Later on, the Times piece does offer the following information that helps clarify what is going on in this drama:

Mr. Jeffress, the pastor of the First Baptist Church in downtown Dallas, an influential congregation within the Southern Baptist Convention, also expressed surprise at the stir his comments created, saying that his view of the Mormon Church is widely held by evangelicals. “This isn’t news,” he said. “This idea that Mormonism is a theological cult is not news either. That has been the historical position of Christianity for a long time.”

That statement by Jeffress is accurate — depending on how one defines the word “cult.” Note that he said it is a “theological” cult, not a cultural or sociological cult. The problem is that the latter, more damning definition is precisely the one that will be assumed by most readers. Is this the definition that is assumed by most mainstream political journalists?
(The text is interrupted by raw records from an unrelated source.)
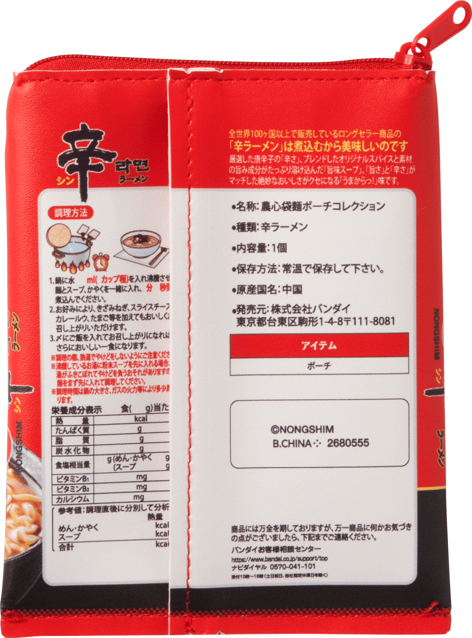 このたび発売する待望の第二弾『農心 袋麺ポーチコレクション』は、当社の人気袋麺7種がポーチになって登場。約150mmのビッグサイズで裏面の形状やデザインも再現されており、女性にとってはリップ用品や櫛等の小物を持ち運ぶのに便利で、実用性も高いアイテムです。
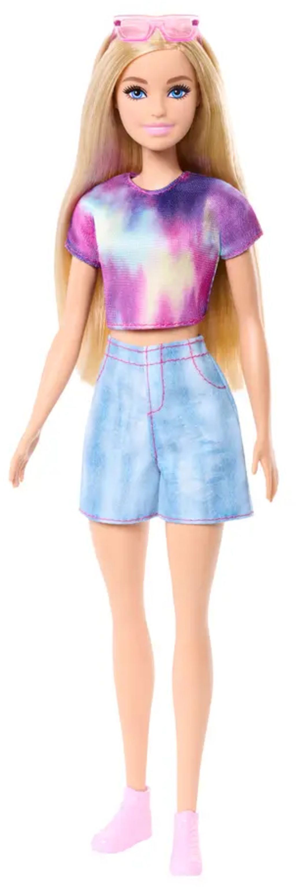 Con la bambola Barbie Malibu, ispirata alla serie Barbie Mysteries: Detective da Spiaggia, le bambine possono immergersi in emozionanti storie poliziesche. Il suo caratteristico top tie-dye, i pantaloncini di jeans casual con cuciture rosa, le sneaker alte e gli occhiali da sole coordinati rendono Barbie Malibu immediatamente riconoscibile. I suoi lunghi capelli biondi con riga laterale completano perfettamente il look. Con questa bambola, le piccole detective possono ricreare scene o inventare nuove storie, per un gioco creativo senza fine.
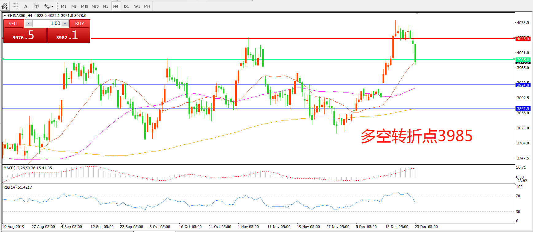 周一(12月23日),A股在高位上攻无力之后,出现回调,博弈类资金获利了结导致股市大跌,沪深300指数长阴下破,收报3976.5点。整体来看,除了早盘开始后稍加抵抗外,其他的交易时间均以持续下跌走势为主,市场的杀跌比较凶悍。3000大关的阻力依然较强,如果如果2-3个交易日能收复,则强势格局不变,如果连续失守,短期仍将转入调整走势
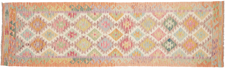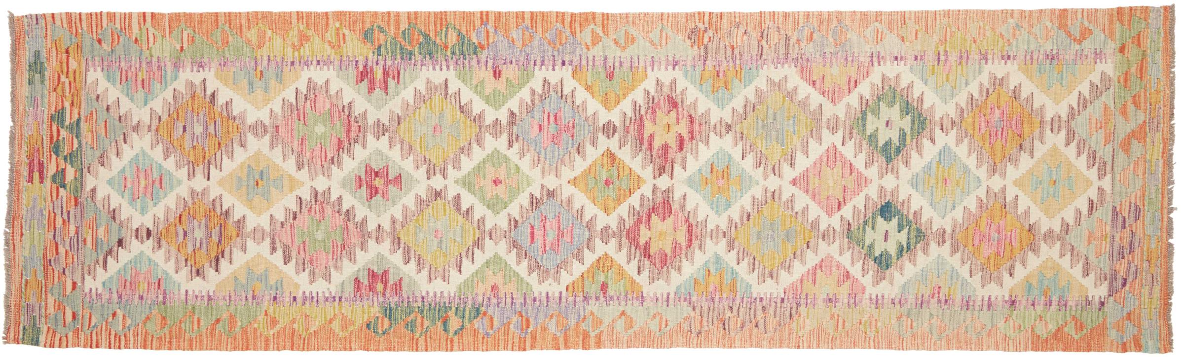 Questo kilim - afghano tessuto a mano è bello sia per i suoi colori e sia per il modello tipico. È stato tessuto a mano in Afghanistan con il 100% di lana. È anche robusto e durevole. Un vero e proprio profitto per voi e per la vostra casa.
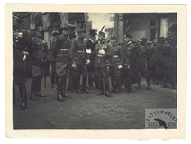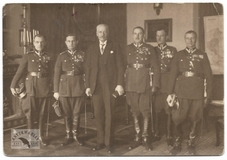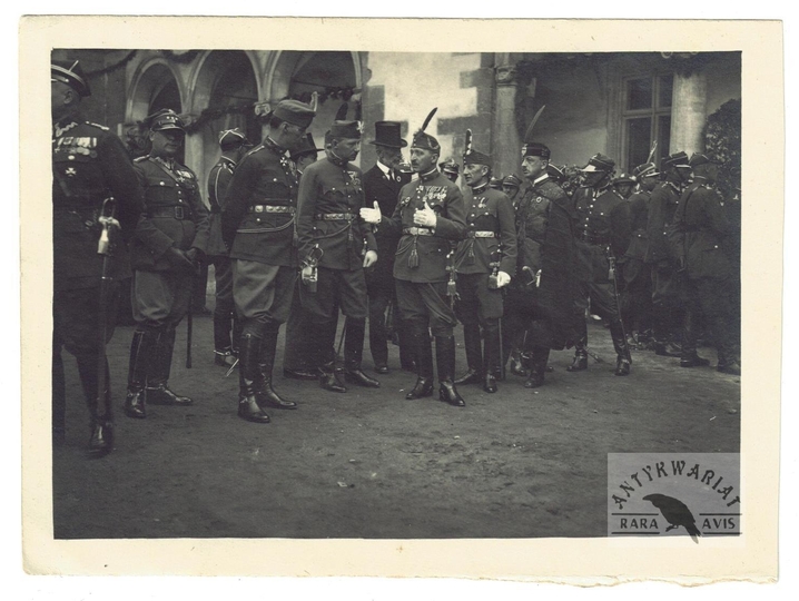 [MOŚCICKI Ignacy - delegacja dowódców pułków I dywizji Piechoty Legionów na audiencji u prezydenta RP na Zamku Królewskim w Warszawie - fotografia sytuacyjna]. [II 1930]. Fotografia form. 11,4x16,6 cm.
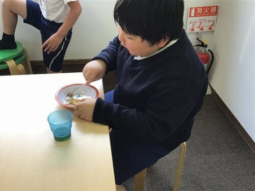 今日はおやつレクで餃子の皮を使ってチョコ包み焼きを作りました🥟
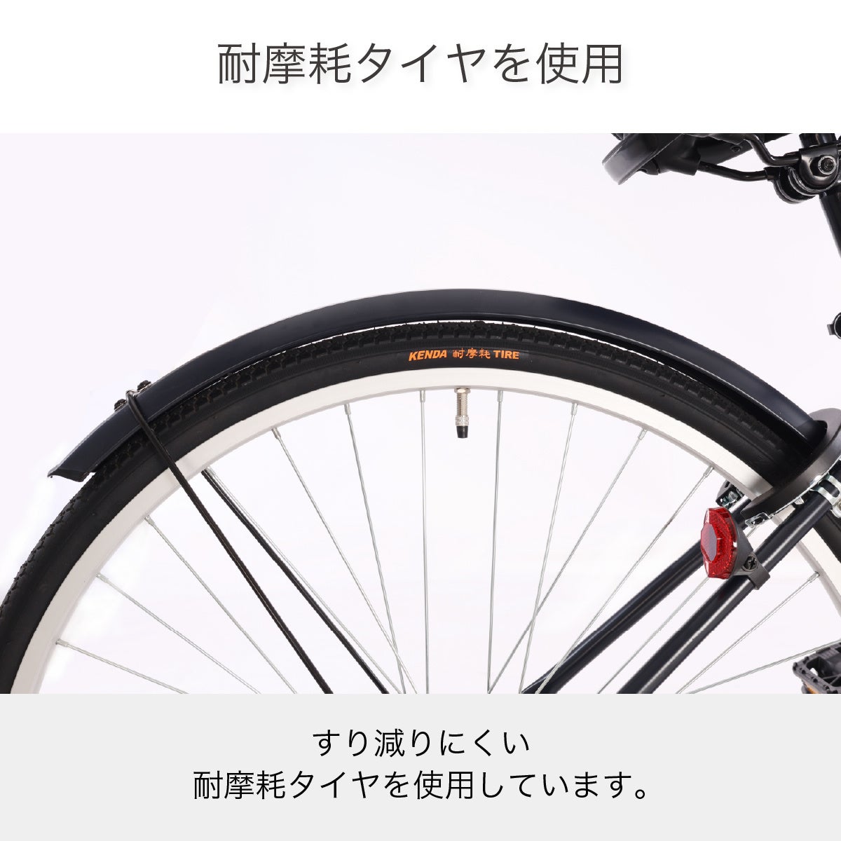 すり減りにくい耐摩耗タイヤを採用し、長期間にわたり快適にご利用いただけるよう配慮しています。さらに、泥よけを備えることで、雨天時でも衣服や荷物が汚れにくく、安心して走行いただける仕様です。
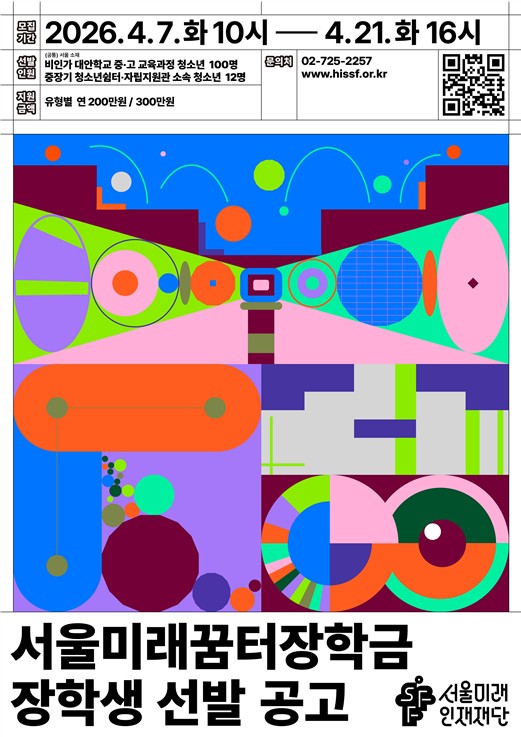 서울미래인재재단은 기존 서울꿈길장학금의 지원 대상을 확대하고 유형을 세분화하여 ‘서울미래꿈터장학금’을 신설한다. 재단은 비인가 대안학교 재학생은 물론 가정 밖 청소년까지 총 112명을 선발하고, …
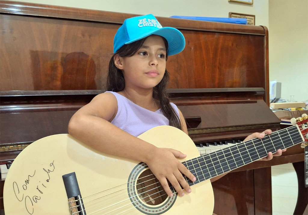 CulturaRegionalCantora mirim Lavínia Bitarães ganha violão autografado de dupla sertaneja 18 de março de 2025
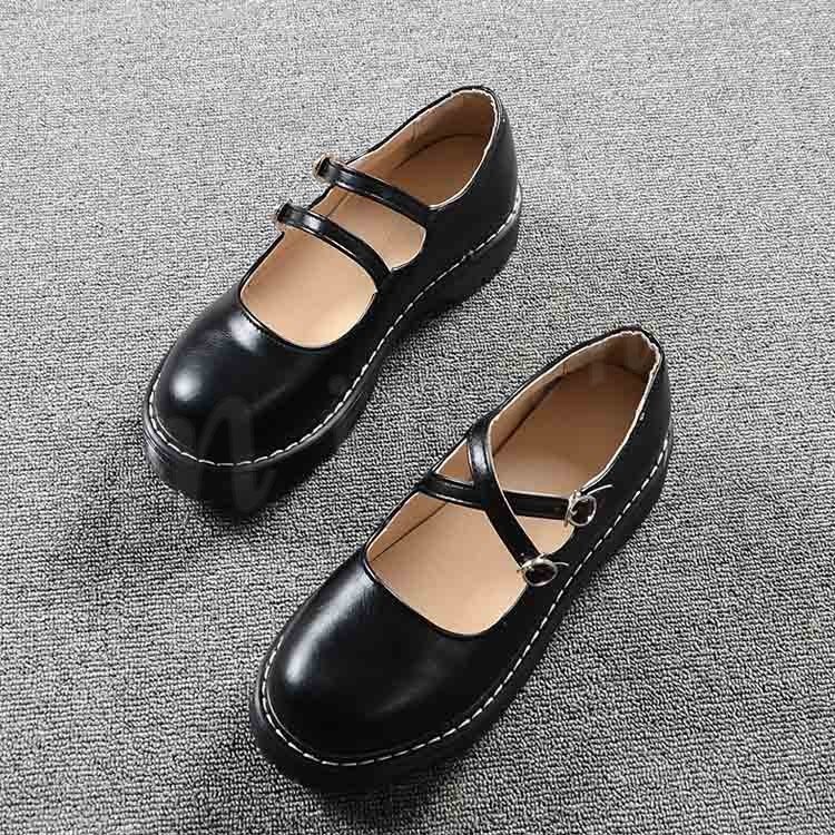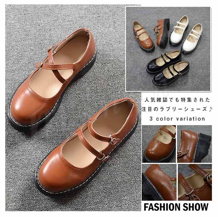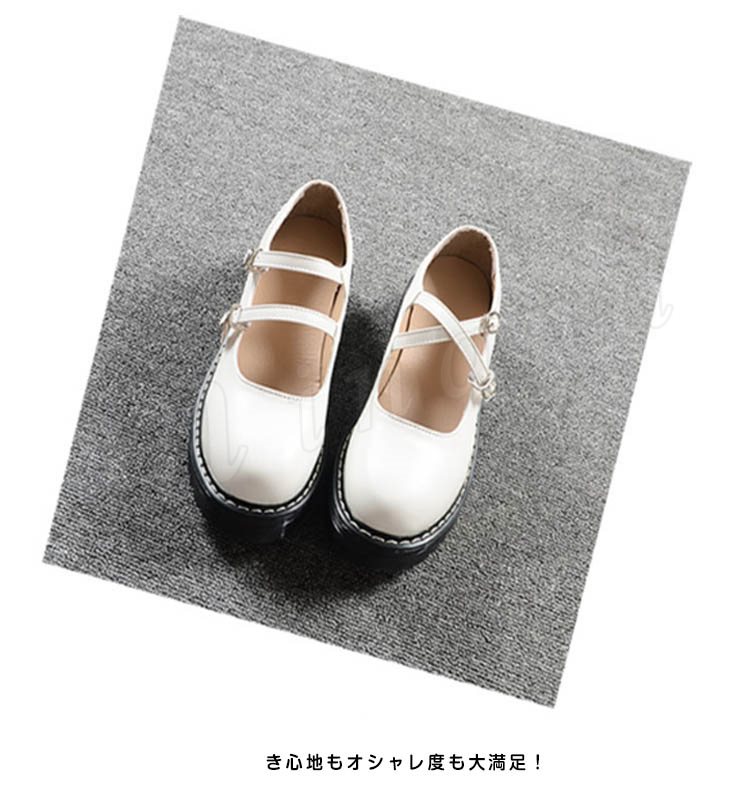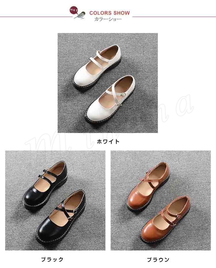 甲ベルト シューズ レザーシューズ お嬢様風 シューズ ロリータ ロリータシューズ ロリータ靴 メイド靴 フラットシューズ レースアップ レディース
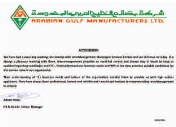 Jeedah Laminated Co www.softdreams.com.sa It is indeed my pleasure to issue the appreciation letter to InterManagement Manpower Services Ltd. We are extremely pleased with InterManagement level of professionalism and their prompt services. The quality Dr.Khalid Musa Al Ghamdi |
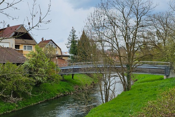 We starten onze tocht in het dorp Süssen en wandelen in het dal van de rivier...
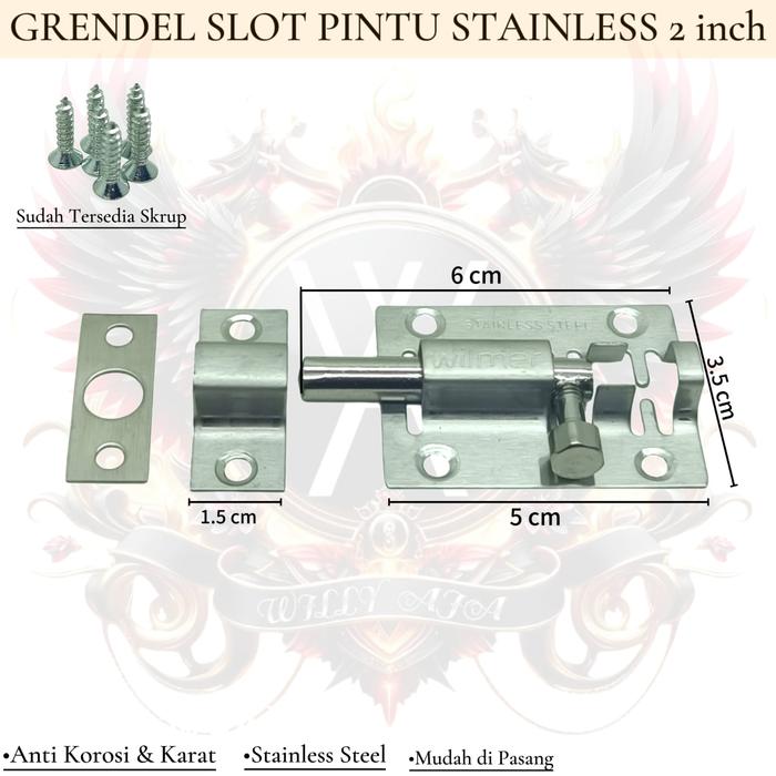 Grendel Slot Pintu Stainless Steel 2 Inch
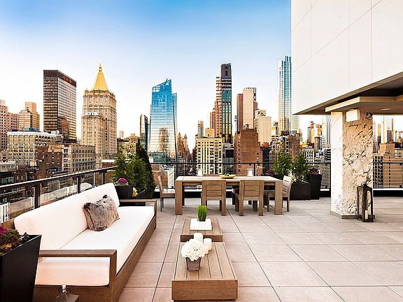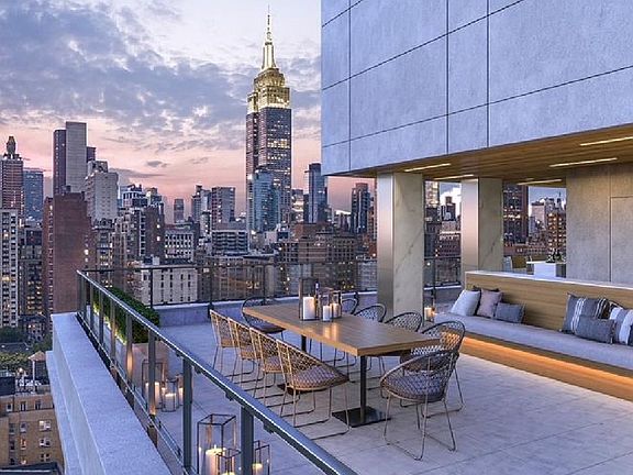 A luxurious common roof terrace with an onyx bar, grill, and elegant landscaping showcases a stunning 360-degree view of Manhattan, 24/7 doorman & concierge services, a duplex fitness space that offers dedicated cardio and weight rooms with light wood flooring and natural light, and a dedicated and naturally-lit resident lounge spotlights a Scavolini kitchen, wet-bar, and serene recessed fireplace with a comfortable seating area bathed in southern exposure.
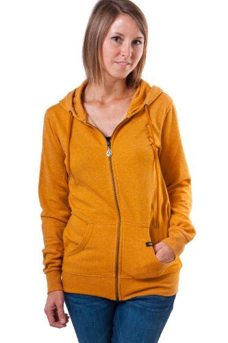 Timesoft Zip Fleece Veste sweat jaune de Volcom, Coupe classique, Capuche avec cordon de serrage, dans un aspect chiné, Fermeture-éclair sur toute la longueur, Poches italiennes sur les côtés avec étiquettes logo, Finitions bord-côtes confortables, Surpiqûre logo visible à l'arrière, Face intérieure douce, Longueur en taille S env. 67 cm, Composition: 70% Polyester 30% Coton, Notre modèle porte la taille S
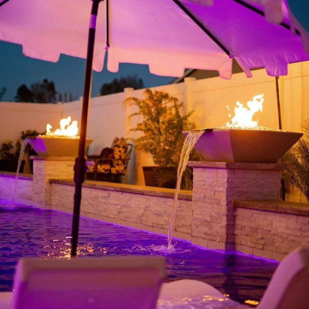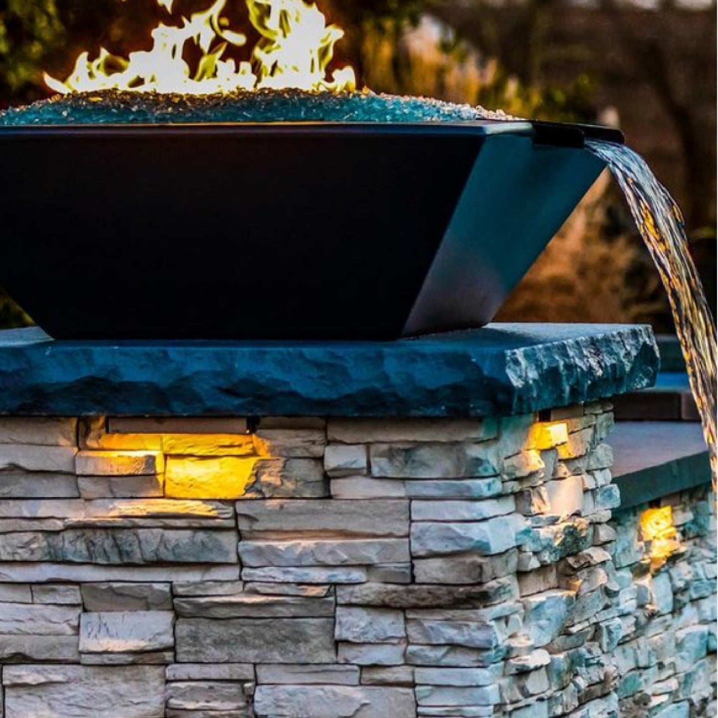 Elevate your outdoor living with this stunning fire and water bowl by Grand Effects.
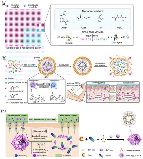 Schematic of glucose-responsive insulin delivery microneedles: (a) A dual-module microneedle patch to separately encapsulate insulin and glucagon. The two modules comprise different ratios of key monomers, synergistically responding to both hyperglycemic and hypoglycemic states (reproduced with permission from Wang et al., Proceedings of the National Academy of Sciences of the United States of America; published by National Academy of Sciences, 2020) [174]; (b) fast-responsive MN patch loaded with hypoxia-sensitive hyaluronic acid (HS-HA) vesicles containing insulin and GOx. In localized hypoxic environment, the hydrophobic 2-nitroimidazole groups of HS-HA are reduced to hydrophilic 2-aminoimdazole, leading to the dissociation of vesicles and subsequent release of insulin (reproduced with permission from Yu et al., Proceedings of the National Academy of Sciences of the United States of America; published by National Academy of Sciences, 2015) [179]; (c) the insulin and glucose oxidase are encapsulated in metal–organic framework and further loaded into the microneedle matrix. The low pH induced by glucose oxidation leads to framework degradation and insulin release. The preloaded Co2+ catalyzes the decomposition of the byproduct H2O2. The excessive Co2+ is chelated by EDTA-SiO2 nanoparticles in the microneedle matrix (reproduced with permission from Yang et al., ACS Applied Materials & Interfaces; published by ACS, 2020) [176].
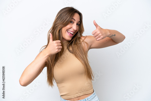 Young caucasian woman isolated on white background giving a thumbs up gesture

At the end of the story, readers learn that Jeffress says he will have no problem endorsing Romney or voting for him. In other words, his differences with the candidate are theological, not political. In the end, millions of people with similar beliefs will pull levers in voting booths, knowing that they are voting for a president, not a pastor, bishop or Bible teacher.

Journalists are going to have to get up to speed and learn how to tell the difference between bigoted believers who reject Mormons, period, and those who reject their theology, but are willing to work with them in the political arena. Otherwise, there is no way to make sense of these events.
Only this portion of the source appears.